GREVE GERAL | Trabalhadores em Educação da UFMA participam das paralisações do dia 14 de Junho



 

Os trabalhadores em educação da UFMA participaram, na última sexta-feira, 14, dos atos de mobilização da Greve Geral convocado pelas Centrais Sindicais e FASUBRA. Dirigentes do Sintema lideraram os trabalhadores nas atividades realizadas durante todo o dia, em defesa da Previdência Social e da Educação Pública.

 

Logo cedo participaram das mobilizações na frente da Universidade Federal do Maranhão – UFMA, ao lado de trabalhadores de diversas outras categorias. E à tarde, a partir das 13h, concentraram-se na Praça Deodoro para participação no Grande Ato Político realizado na frente do Banco do Brasil.

 

O relatório da Reforma da Previdência foi lido na última quinta-feira, 13, pela Comissão Especial que analisa a PEC 6/2019. A proposta do governo Jair Bolsonaro decreta o fim da aposentadoria somente por tempo de contribuição. Os trabalhadores da iniciativa privada e do setor público terão de ter idade mínima de 62 anos para as mulheres e 65 anos para os homens.
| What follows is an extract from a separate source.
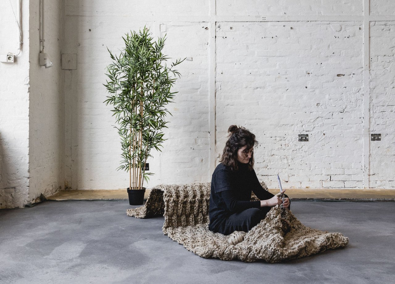 inspirierend und hat dazu geführt, umweltfreundliche Gestaltungsansätze in die unterschiedlichen Entwürfe zu integrieren. Das Ergebnis sind in Einzelteile zerlegbare und kompostierbare Möbelstücke wie ein modularer Raumteiler aus radial gepressten Hanfmatten ein Sitzmöbel aus geflochtenen Hanffasern oder ein Tischsystem, dessen filigranes Untergestell aus gedrehten Fasern gefertigt wurden.

O governo alega que a iniciativa vai combater as aposentadorias precoces, que beneficiam principalmente os mais ricos, que atualmente se aposentam mais cedo.

 

Esses patamares são apenas iniciais, visto que a PEC 6/2019 prevê revisões periódicas a cada quatro anos, de acordo com a expectativa de vida dos brasileiros, que tende a subir.

 

Haverá um período de transição, com três regras para os trabalhadores do setor privado e uma para os servidores públicos. O segurado poderá optar pela forma mais vantajosa. As regras de aposentadoria e pensão permanecem as mesmas para os que já recebem o benefício ou já cumpriram seus requisitos mínimos.

Tempo de contribuição – O tempo mínimo de contribuição passará dos atuais 15 para 20 anos, tanto para homens quanto para mulheres do setor privado. Na área pública, o tempo mínimo de contribuição foi fixado em 25 anos para homens e mulheres, sendo exigidos ainda 10 anos no serviço público e cinco anos de atuação no cargo.

 

Além disso, para ter o direito de se aposentar com 100% de seu benefício, o segurado vai ter de contribuir 40 anos para o sistema previdenciário. Para quem contribuir menos, haverá uma tabela progressiva. A regra vale tanto para o INSS quanto para o regime dos servidores públicos. A intenção do governo é fazer o trabalhador a contribuir por mais tempo.

 

Desse modo, após 20 anos de contribuição, o trabalhador terá direito a 60% do valor do benefício. A partir daí, aumentam-se 2% a cada ano trabalhado. Quem contribuir por 21 anos, por exemplo, garante 62% do benefício integral; quem contribuir 22 anos, fica com 64%, e assim por diante. Técnicos do Ministério da Economia garantem que quem tiver mais de 40 anos de contribuição receberá mais de 100% do valor do benefício a que teria direito.

 

Alíquotas – A reorganização das alíquotas previdenciárias tanto para o setor público quanto para a iniciativa privada é outro ponto que vem sendo defendido com vigor pelos governistas. O aumento na contribuição por diferentes faixas salariais é certo. A regra, conforme o governo, é cobrar mais de quem ganha mais. Para os servidores públicos, as alíquotas iniciarão em 7,5% para quem ganha até um salário mínimo por mês e poderá chegar a 22% para os que ganham acima de R$ 39 mil. Hoje em dia, a alíquota é única de 11% independente do valor do salário.

 

CORTES – O presidente Jair Bolsonaro e seu ministro da Educação, Abraham Weintraub, reforçaram os ataques à Educação Pública, cortando R$ 5,7 bilhões de reais das verbas educacionais, sendo R$ 2,1 bilhões das universidades e institutos federais. Da Educação Básica, foram cortados R$ 914 milhões do orçamento geral; R$ 273 milhões do programa de apoio à infraestrutura das escolas de ensino básico; e outros R$ 132,6 milhões alocados para apoiar essa etapa da vida estudantil, segundo informa o Jornal O Globo.

 

Imprensa Sintema.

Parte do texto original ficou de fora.